Смеркалось; на столе блистая
Шипел вечерний самовар,
Китайский чайник нагревая;
Под ним клубился легкий пар.
Разлитый Ольгиной рукою,
По чашкам темною струею
Уже душистый чай бежал,
И сливки мальчик подавал;
Татьяна пред окном стояла,
На стекла хладные дыша,
Задумавшись, моя душа,
Прелестным пальчиком писала
На отуманенном стекле
Заветный вензель О да Е.
Day faded; on the table, glowing,
the samovar of evening boiled,
and warmed the Chinese teapot; flowing
beneath it, vapour wreathed and coiled.
Already Olga’s hand was gripping
the urn of perfumed tea, and tipping
into the cups its darkling stream—
meanwhile a hallboy handed cream;
before the window taking station,
plunged in reflection’s deepest train,
Tatyana breathed on the cold pane,
and in the misted condensation
with charming forefinger she traced
“OE” devotedly inlaced.
Evidence supporting the claim that there is indeed an allusion here to Evgenii Onegin, an allusion which has to resolve the poet’s or the poem’s conflicting desires—to disguise any signs of Pushkinian influence and to reveal signs of Pushkinian favor—seems to be scattered throughout Mandel´shtam’s work.
In 1937 in particular, Mandel´shtam seems to have been very careful indeed about how he made his claims to the Pushkinian heritage.
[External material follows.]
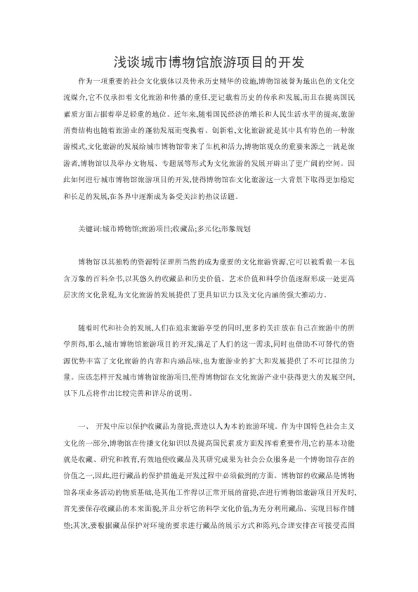 淺談城市博物館旅游項目的開發(fā)

In some ways, of course, being marginalized helped him: his apparent silence regarding Pushkin was far more likely to have been an act of poetic rather than political self-censorship, one enabling him to recreate himself as Pushkin’s successor. Pasternak, for example, had to put up with the type of negative comparisons between himself and Pushkin that would have put paid to any attempt he might have wished to make to provide a fitting tribute to the dead master. As Pasternak wrote to his parents in February 1937:
Thank you for your wishes on my birthday, I always remember the 29th, because that’s the day of Pushkin’s death. And this year it is also, in addition, the centenary of his death. In connection with this event there are some large-scale celebrations being held here. I’m ashamed not to be participating in them, but there have recently been several misunderstandings—that is, the way I speak and think is not always properly understood. I find commonplaces physically intolerable, and it is possible to say something of one’s own only at a time of calm. Were it not for Pushkin, the possibility of misinterpretations might not have restrained me. But against the background of that name, any roughness or slips of the tongue would strike me as unbearably vulgar and indecent.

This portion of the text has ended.